Sovereign Services Limited
- Company type: Subsidiary
- Industry: Life Insurance, Health Insurance, Home Loans, Investments and Superannuation
- Founded: 1989
- Defunct: 5 August 2019
- Headquarters: Auckland, New Zealand
- Key people: Nick Stanhope, Chief Executive Officer
- Products: Comprehensive and integrated range of financial products and services
- Number of employees: 700+
- Parent: AIA Group
- Website: www.sovereign.co.nz

= Sovereign Services =

New Zealand life and health insurer

Sovereign Services Limited (branded as Sovereign) was a New Zealand-based financial services company that provided life and health insurance, home loans, investment and superannuation products. It was a subsidiary of the AIA Group.

==History==
Sovereign started out in 1989 as a life insurance and investment provider. The company expanded in 1996 with its acquisition of Metropolitan Life Assurance Company.

In 1998, Sovereign was acquired by the ASB Group, which is owned by the Commonwealth Bank. When The Commonwealth Bank merged with Colonial Mutual in 2000, the Colonial New Zealand life and investment business was integrated with Sovereign, making it the largest life insurer in New Zealand.

Sovereign maintained a market share of around 29% to 30% of in-force premiums over the five years up to 2011.

Sovereign currently has a financial strength rating of A+ (Superior) from international rating agency A.M. Best (awarded December, 2011).

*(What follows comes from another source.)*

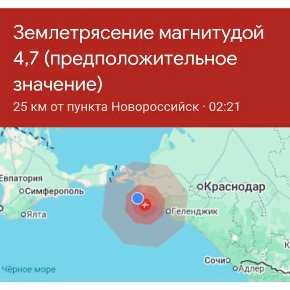 По информации Анапской сейсмической станции землетрясение произошло в 33 км. от Анапы на глубине 10 км. магнитудой в районе эпицентра 4.7 балла. Повреждений городской инфраструктуры не зафиксировано, все системы и объекты жизнеобеспечения функционируют в штатном режиме, сообщают в мэрии Анапы. Кто из проживающих в Витязево ещё почувствовали подземные толчки?Лично Я ,спала . У соседей звенела посуда . 👉ВИТЯЗЕВО Вконтакте 👉Чат ВИТЯЗЕВО в Тг Витязево 👉Канал Витязево в Тг 👉ДЖЕМЕТЕ ВК Предложить Новость @VPredlojka_bot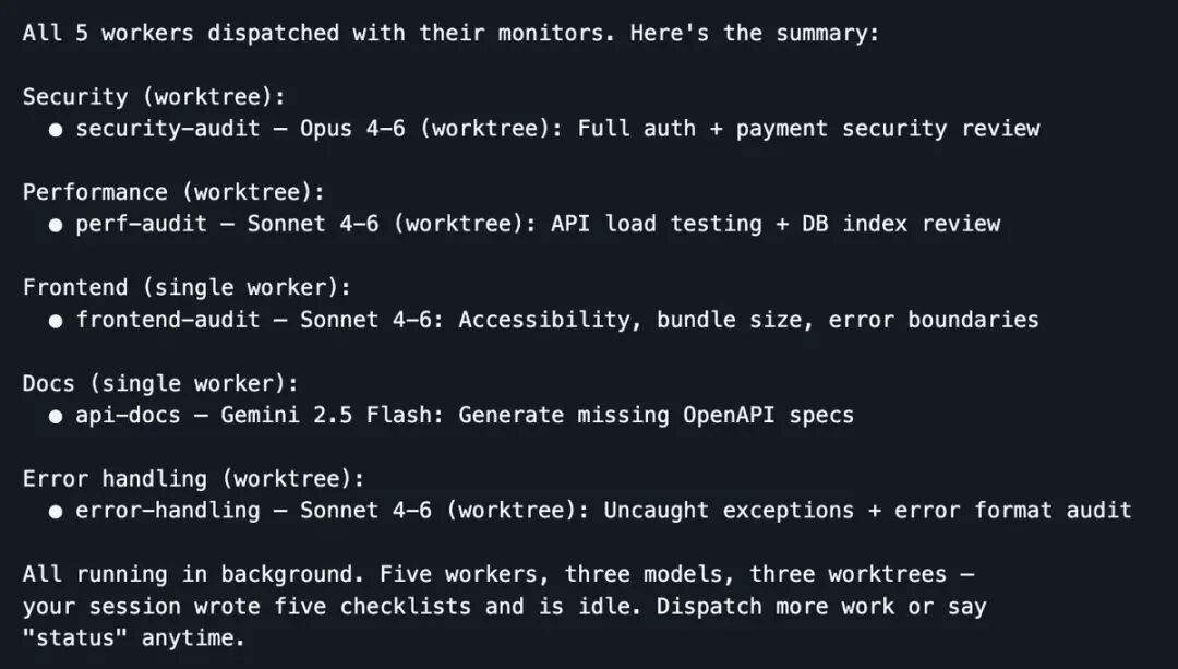 编排器模式 (Orchestrator): 你在一个主会话中充当指挥官,启动多个 Worker(工人) 代理在隔离环境中工作。模型异构协作:Opus 负责实现代码。Gemini 负责长文本调研和搜索。Codex 负责评审。

Sovereign is one of over 900 signatories for the Principles for Responsible Investment. The initiative was designed and developed by the United Nations Environment Programme Finance Initiative, and is a set of aspirational and voluntary guidelines for investment entities wishing to address environmental, social, and corporate governance (ESG) issues.

In 2011, Sovereign hosted a United Nations-facilitated ‘Principles for Sustainable Insurance’ Regional Consultation Meeting for Oceania, which will help develop new sustainability principles for the global insurance sector.

In September 2017 the Commonwealth Bank agreed terms to sell Sovereign, as well as its Australian insurance business (CommInsure) to AIA Group for AUD $3.8 billion. The sale was completed on 2 July 2018.

AIA New Zealand and Sovereign continued to operate as two separate brands until 5 August 2019. From this date onwards the combined business has traded as AIA New Zealand Limited.